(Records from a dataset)
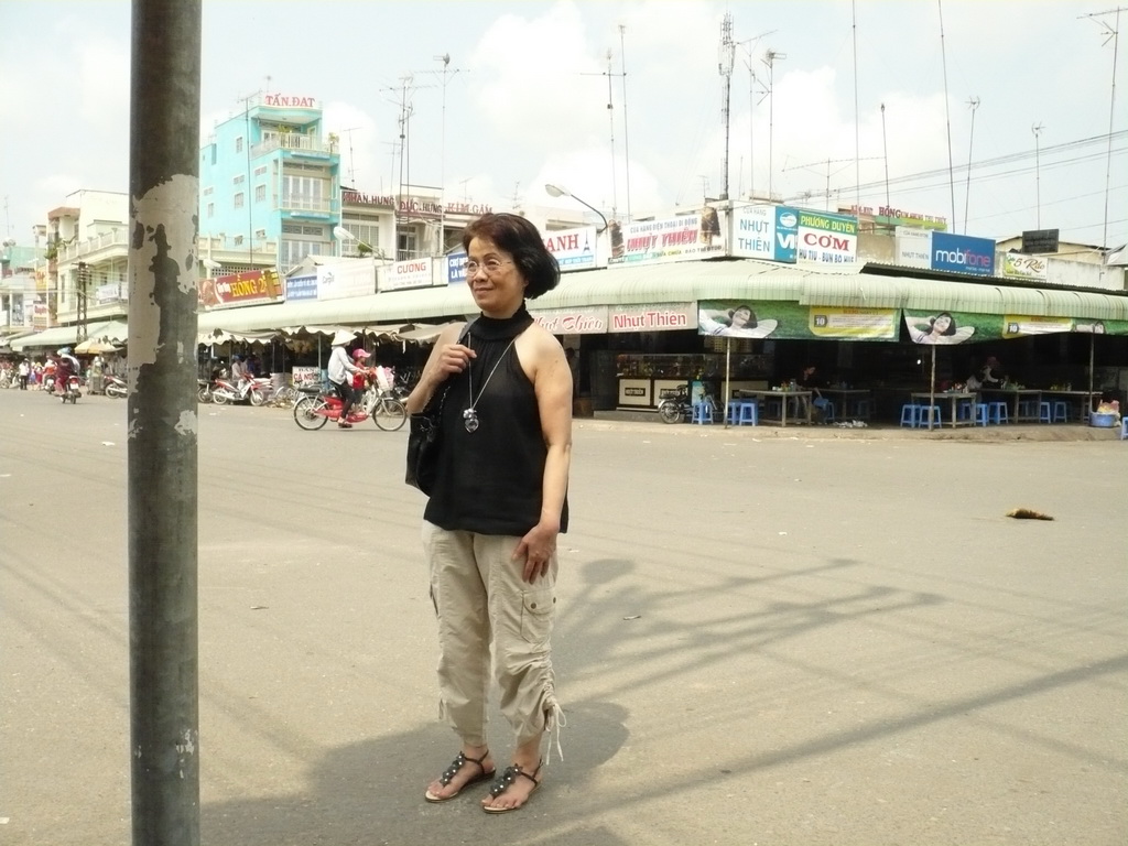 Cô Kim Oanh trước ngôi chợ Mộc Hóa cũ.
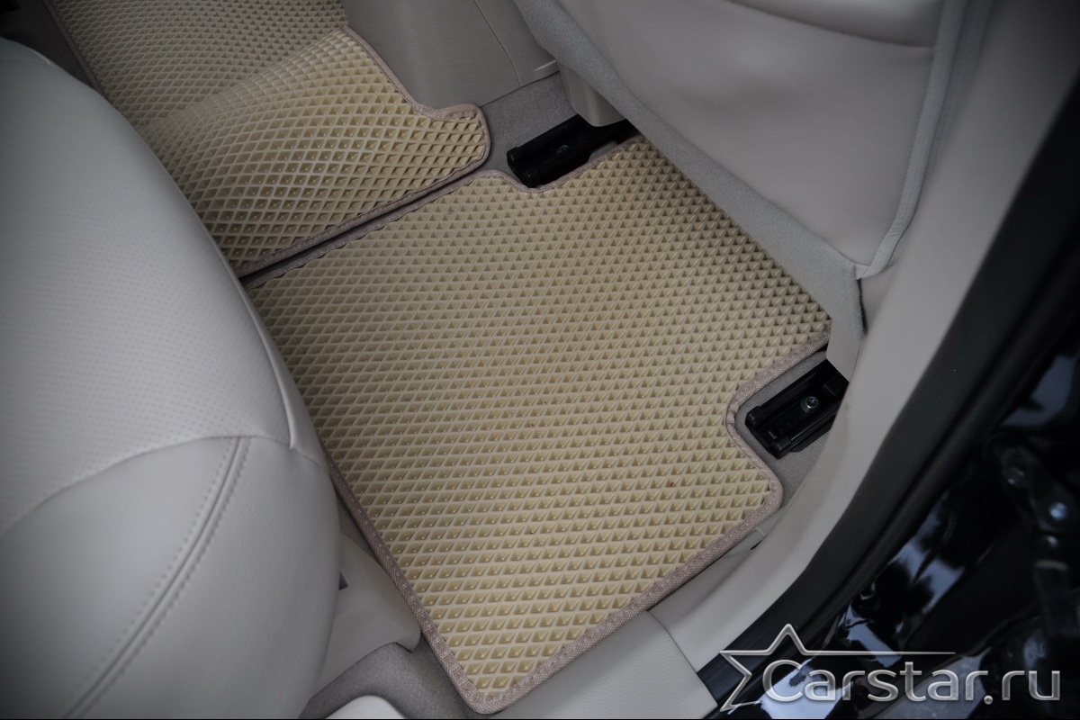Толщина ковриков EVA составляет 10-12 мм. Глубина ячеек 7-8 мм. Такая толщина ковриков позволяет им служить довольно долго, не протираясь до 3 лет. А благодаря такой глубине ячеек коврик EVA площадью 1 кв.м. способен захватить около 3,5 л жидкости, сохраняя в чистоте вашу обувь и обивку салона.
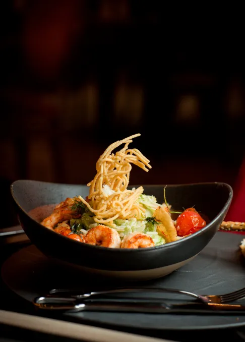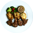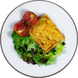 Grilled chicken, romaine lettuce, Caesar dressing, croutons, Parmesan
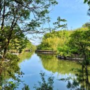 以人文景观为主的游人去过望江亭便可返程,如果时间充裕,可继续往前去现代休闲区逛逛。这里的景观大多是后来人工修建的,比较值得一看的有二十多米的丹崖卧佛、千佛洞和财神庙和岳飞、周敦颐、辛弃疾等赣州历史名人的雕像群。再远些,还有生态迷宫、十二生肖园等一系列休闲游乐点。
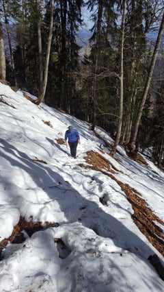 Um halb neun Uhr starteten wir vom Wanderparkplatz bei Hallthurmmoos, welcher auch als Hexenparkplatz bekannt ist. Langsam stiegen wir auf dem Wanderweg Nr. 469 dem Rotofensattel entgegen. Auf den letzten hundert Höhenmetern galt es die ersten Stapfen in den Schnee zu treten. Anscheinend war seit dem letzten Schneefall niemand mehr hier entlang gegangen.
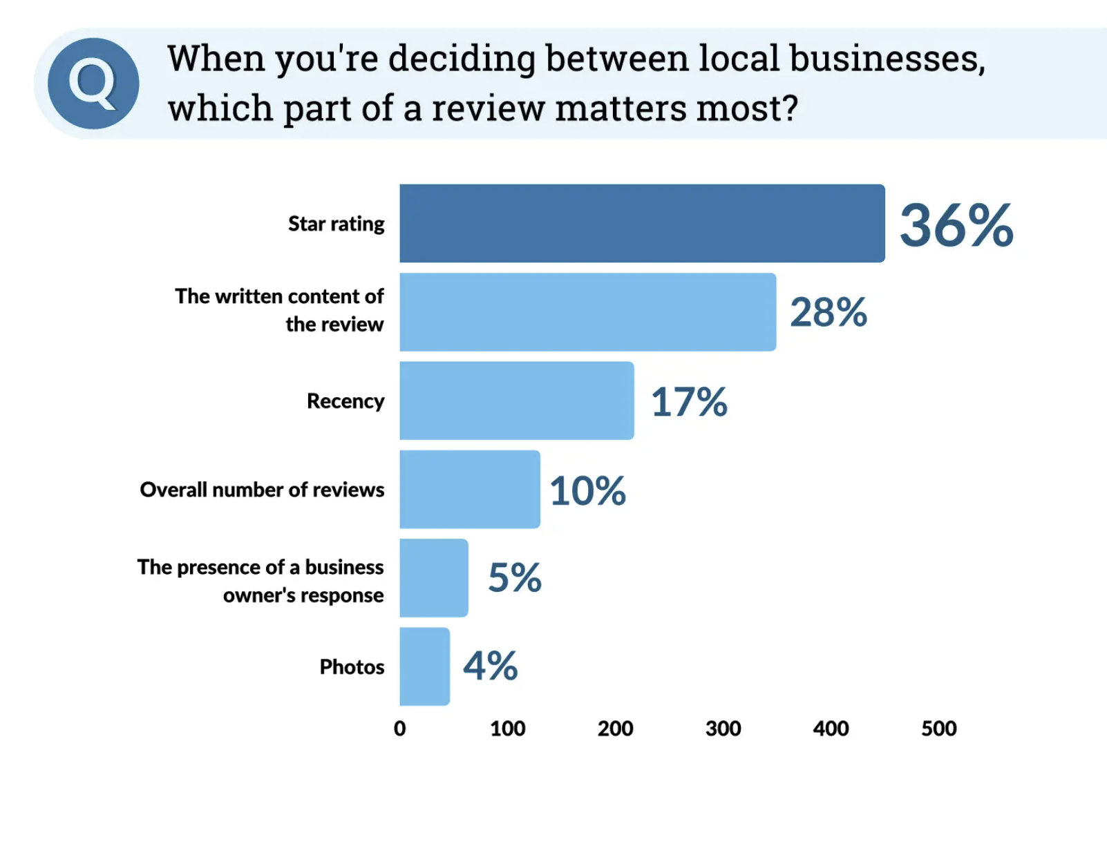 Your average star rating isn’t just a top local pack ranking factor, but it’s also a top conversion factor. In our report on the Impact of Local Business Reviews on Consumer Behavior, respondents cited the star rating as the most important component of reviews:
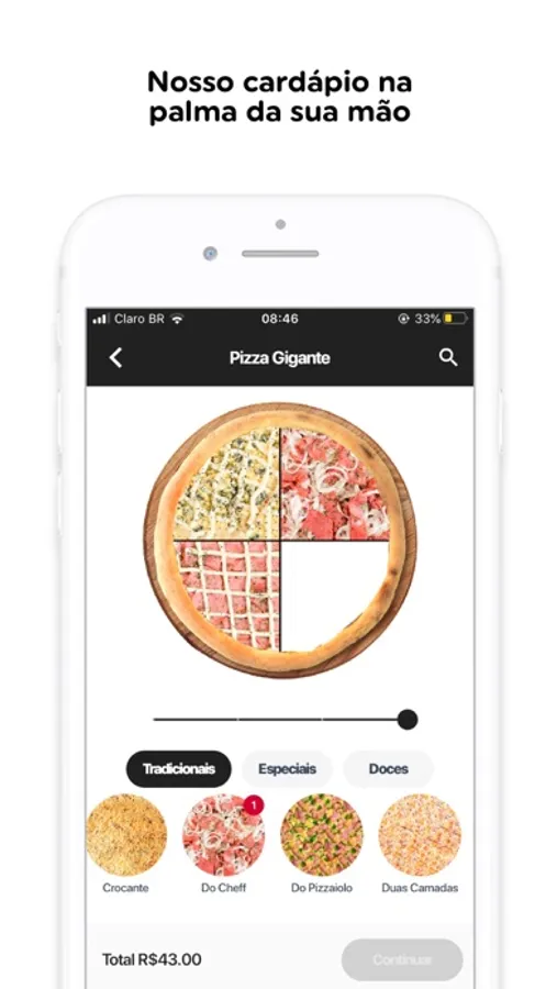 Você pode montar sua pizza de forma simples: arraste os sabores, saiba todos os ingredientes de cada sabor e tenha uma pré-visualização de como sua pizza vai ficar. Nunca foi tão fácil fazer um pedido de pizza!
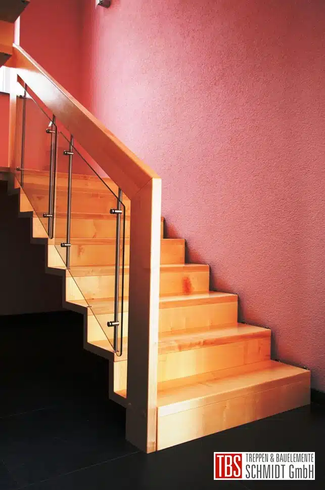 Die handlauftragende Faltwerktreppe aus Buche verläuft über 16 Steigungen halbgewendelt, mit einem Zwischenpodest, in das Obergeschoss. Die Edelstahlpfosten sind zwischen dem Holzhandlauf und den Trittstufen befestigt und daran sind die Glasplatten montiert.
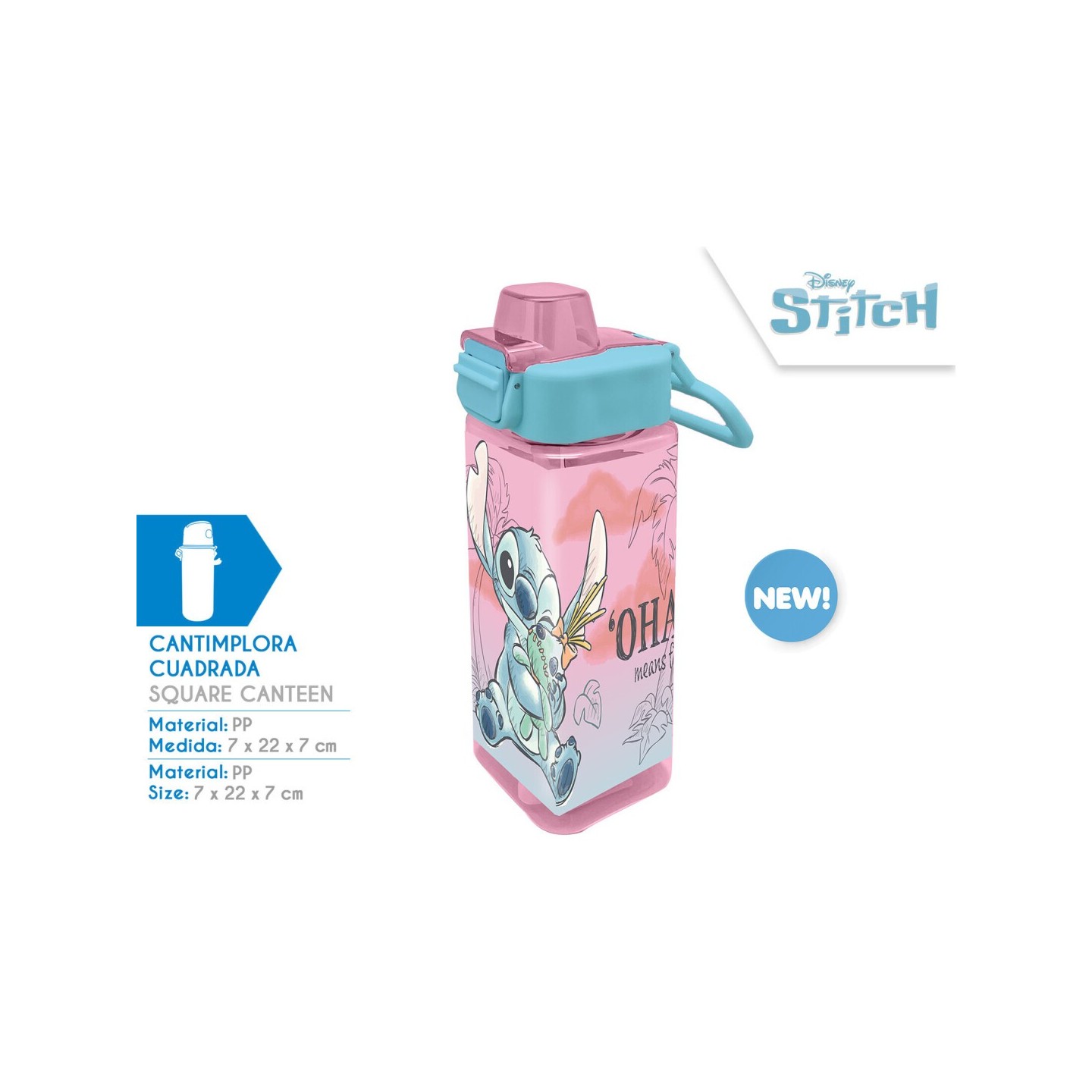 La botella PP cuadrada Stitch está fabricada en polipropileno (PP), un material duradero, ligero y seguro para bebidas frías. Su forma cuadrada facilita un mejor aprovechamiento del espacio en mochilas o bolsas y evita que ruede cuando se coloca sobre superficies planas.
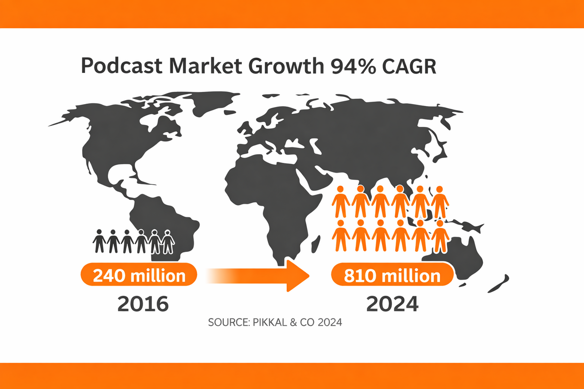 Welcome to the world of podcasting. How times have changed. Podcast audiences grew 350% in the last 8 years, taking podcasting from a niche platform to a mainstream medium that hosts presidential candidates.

EXERCISE DESCRIPTION: Please give the data above again in exact form and omit every picture.

OUTPUT OF THE EXERCISE:
 Cô Kim Oanh trước ngôi chợ Mộc Hóa cũ.
Толщина ковриков EVA составляет 10-12 мм. Глубина ячеек 7-8 мм. Такая толщина ковриков позволяет им служить довольно долго, не протираясь до 3 лет. А благодаря такой глубине ячеек коврик EVA площадью 1 кв.м. способен захватить около 3,5 л жидкости, сохраняя в чистоте вашу обувь и обивку салона.
 Grilled chicken, romaine lettuce, Caesar dressing, croutons, Parmesan
 以人文景观为主的游人去过望江亭便可返程,如果时间充裕,可继续往前去现代休闲区逛逛。这里的景观大多是后来人工修建的,比较值得一看的有二十多米的丹崖卧佛、千佛洞和财神庙和岳飞、周敦颐、辛弃疾等赣州历史名人的雕像群。再远些,还有生态迷宫、十二生肖园等一系列休闲游乐点。
 Um halb neun Uhr starteten wir vom Wanderparkplatz bei Hallthurmmoos, welcher auch als Hexenparkplatz bekannt ist. Langsam stiegen wir auf dem Wanderweg Nr. 469 dem Rotofensattel entgegen. Auf den letzten hundert Höhenmetern galt es die ersten Stapfen in den Schnee zu treten. Anscheinend war seit dem letzten Schneefall niemand mehr hier entlang gegangen.
 Your average star rating isn’t just a top local pack ranking factor, but it’s also a top conversion factor. In our report on the Impact of Local Business Reviews on Consumer Behavior, respondents cited the star rating as the most important component of reviews:
 Você pode montar sua pizza de forma simples: arraste os sabores, saiba todos os ingredientes de cada sabor e tenha uma pré-visualização de como sua pizza vai ficar. Nunca foi tão fácil fazer um pedido de pizza!
 Die handlauftragende Faltwerktreppe aus Buche verläuft über 16 Steigungen halbgewendelt, mit einem Zwischenpodest, in das Obergeschoss. Die Edelstahlpfosten sind zwischen dem Holzhandlauf und den Trittstufen befestigt und daran sind die Glasplatten montiert.
 La botella PP cuadrada Stitch está fabricada en polipropileno (PP), un material duradero, ligero y seguro para bebidas frías. Su forma cuadrada facilita un mejor aprovechamiento del espacio en mochilas o bolsas y evita que ruede cuando se coloca sobre superficies planas.
 Welcome to the world of podcasting. How times have changed. Podcast audiences grew 350% in the last 8 years, taking podcasting from a niche platform to a mainstream medium that hosts presidential candidates.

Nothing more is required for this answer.